Structural Biology/Biochemistry Seminar
Tuesday October 25, 2016
11:15 AM | 112 KLB

beth-barton

http://apk.hhp.ufl.edu/index.php/about/directory/barton-elisabeth-ph-d/

Mechano-Sensors in Muscle

Abstract

Skeletal muscle has the remarkable ability to adapt to changes in workload, with multiple inputs (mechanical, chemical, and metabolic) converging into final common pathways for muscle growth and adaptation. During active force generation, such as that stimulated by eccentric muscle contraction (ECC), multiple signals change in parallel, including mechanical deformation, changes in phosphorylation patterns and calcium ion fluxes, and depletion of high-energy substrates. Passive stretch eliminates the contribution of metabolism, yet can still cause both mechanical deformation and signal transduction at the muscle plasma membrane (sarcolemma). The importance of signaling for normal muscle physiology is exemplified in the mouse model for Limb Girdle Muscular Dystrophy (LGMD) 2C, where gene targeting of g-sarcoglycan (g-SG) causes severe pathology, including elevated serum creatine kinase, degeneration/regeneration, and extensive fibrosis, yet there is little mechanical fragility. We, and others, have proposed that the SG complex is a critical part of the mechanical signaling machinery and the absence of this complex alters signaling.

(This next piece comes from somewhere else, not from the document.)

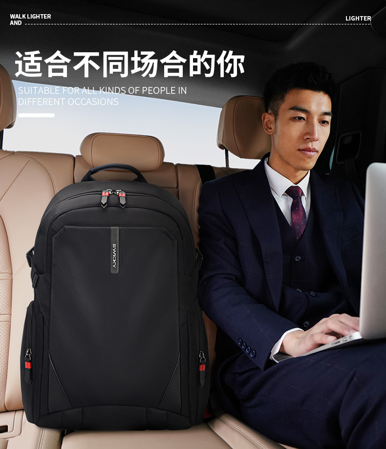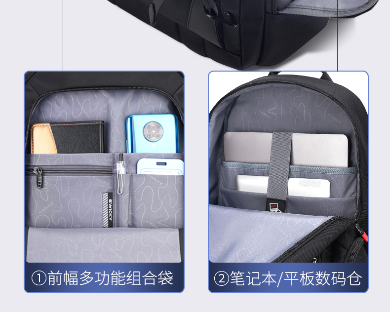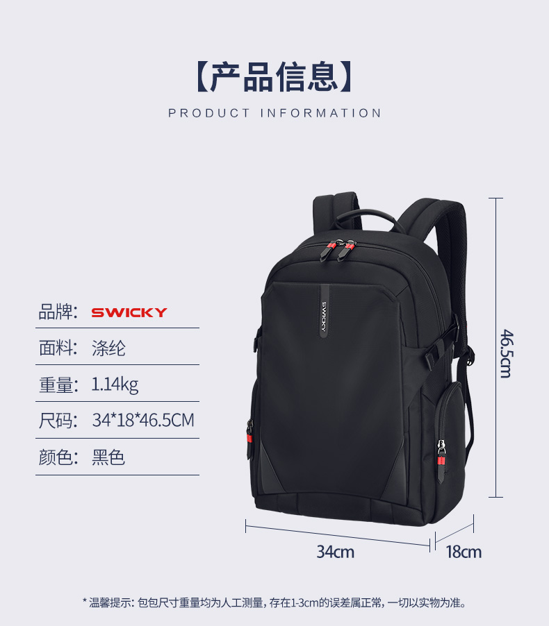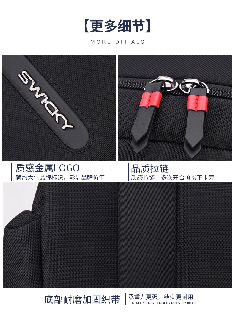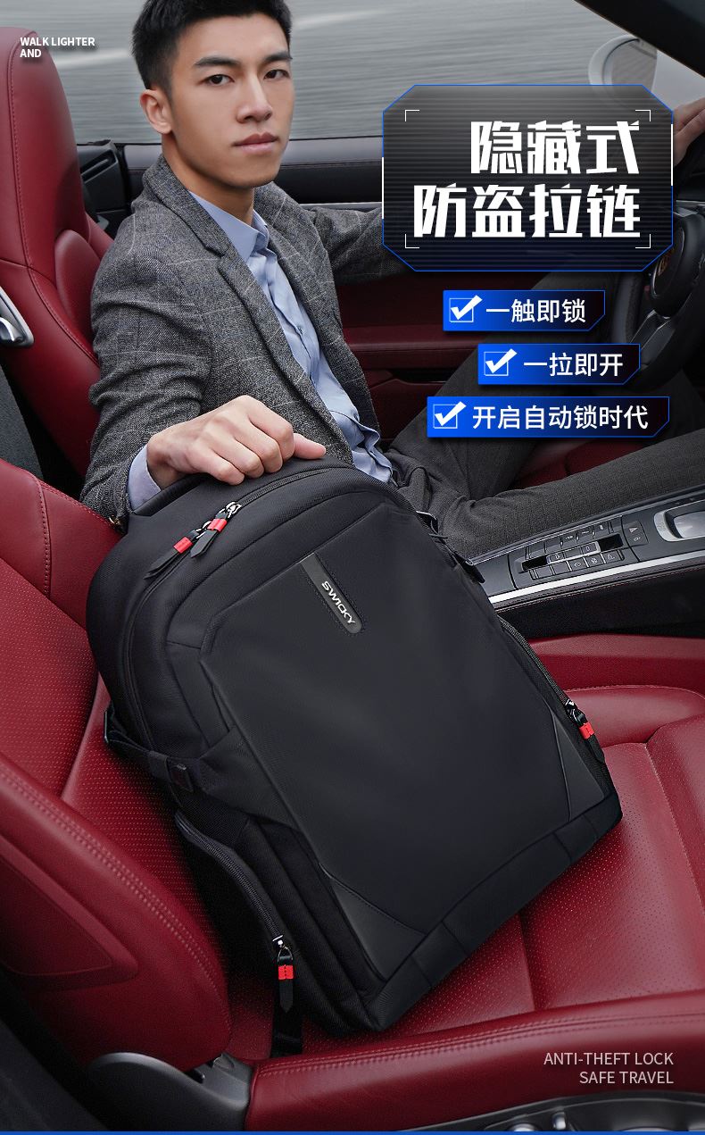 SWICKY瑞驰多功能休闲防盗拉链商务双肩包88099黑色

Mechanical signaling occurs within the muscle cell, and relies on sensors for mechanical loading found in the sarcolemma or contractile apparatus. However, the extracellular matrix (ECM) surrounding the muscle can alter the loads imposed on the mechano-sensors, and ultimately affect the responses of muscle. We have begun to examine how differences in ECM can change the mechanical properties of muscle. Thus, the ultimate adaptation of muscle to mechanical work is affected by proteins both inside and out.